# Getting Started with R (Warmup)
**Author:** Marcus Birkenkrahe (pledged) with ChatGPT  
**Subtitle:** DSC 205 (Introduction to Advanced Data Science), Lyon College Spring 2026

## Objectives

Let's make a simple plot with R and learn a few useful workflow habits along the way.

1. Open R in Google Colaboratory.
2. Load a dataset from a URL into a data frame.
3. Use basic error handling with `tryCatch`.
4. Explore the dataset.
5. Create a simple plot.
6. Summarize and check your understanding.

## (Optional) Packages and your search path

- In R, attached packages and environments are visible via `search()`:

In [None]:
search()

- You can list objects in your current workspace with `ls()`:

In [None]:
ls()

- You may not want anything in this environment. You can `detach` packages and `rm` objects from the `ls()` vector:

In [None]:
# detach("package:lubridate") # Uncomment if needed
rm(list=ls())

## Download CSV data from the web into a data frame

- We'll download the Iris dataset as a CSV file from a URL. (The built-in `iris` dataset exists, but using a URL is good practice.)

In [None]:
data_url <- "https://tinyurl.com/iris-data-csv"

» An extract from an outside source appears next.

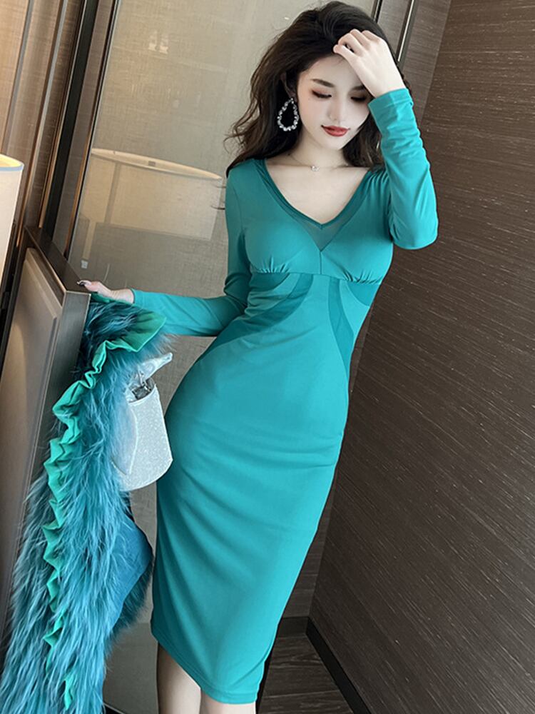 ストリート スプリング 春物 オータム 秋物 ドレス Vネック MingJieBiHuo20793892425

- You can simply load this dataset using `read.csv` but what if there are issues: When interacting with the web, things can fail: URL typos, network issues, etc.
- Load the dataset into a data frame, with error handling.

In [None]:
df <- tryCatch(read.csv(data_url), error = function(e) NULL)

- Load the dataset into a data frame, with error handling and communication:

In [None]:
df <- tryCatch(
  {
    tmp <- read.csv(data_url)
    cat("Dataset downloaded and loaded successfully!\n")
    tmp
  },
  error = function(e) {
    cat("Error loading dataset:\n")
    cat(conditionMessage(e), "\n")
    cat("Please check your internet connection or the URL.\n")
    NULL
  }
)

## Exploring the data

- Print the whole data frame (be careful: printing large data frames is noisy):

In [None]:
df

- Use `head()` to view just the first rows:

In [None]:
head(df)

- A simple safety check: did `df` load?

In [None]:
if (exists("df") && !is.null(df)) {
  head(df,3)
} else {
  cat("Data frame 'df' not found. Did the download fail?\n")
}

- `str()` is a great quick summary (similar role to `DataFrame.info()` in pandas):

In [None]:
str(df)

- Basic summary statistics:

In [None]:
summary(df)

## Plotting with base R

- A minimal scatter plot: sepal length vs sepal width.

In [None]:
# Note: In Colab, plots usually display inline automatically.
# The code below writes to a file as per the original script.
plot(df$sepal_length, df$sepal_width,
     xlab = "Sepal Length (cm)",
     ylab = "Sepal Width (cm)",
     main = "Iris: Sepal Length vs Sepal Width")

- Save a plot to a file (PNG), then close the device with `dev.off()`.

In [None]:
# Ensure the directory exists if running locally, or modify path for Colab
# dir.create("../img", showWarnings = FALSE) 

png("iris2.png", width = 800, height = 600)
plot(df$sepal_length, df$sepal_width,
     xlab = "Sepal Length (cm)",
     ylab = "Sepal Width (cm)",
     main = "Iris: Sepal Length vs Sepal Width")
dev.off()

- Check that the file was created:

In [None]:
system("ls -lt iris2.png")

- Grouping by species (color points by category) with a legend:

In [None]:
species <- df$species
cols <- as.integer(factor(species))  # 1..k
plot(df$sepal_length, df$sepal_width,
     col = cols, pch = 19,
     xlab = "Sepal Length (cm)",
     ylab = "Sepal Width (cm)",
     main = "Iris: Sepal Length vs Sepal Width (by species)")
legend("topright",
       legend = levels(factor(species)),
       col = seq_along(levels(factor(species))),
       pch = 19, bty = "n")

## A common subsetting mistake (and the correct rule)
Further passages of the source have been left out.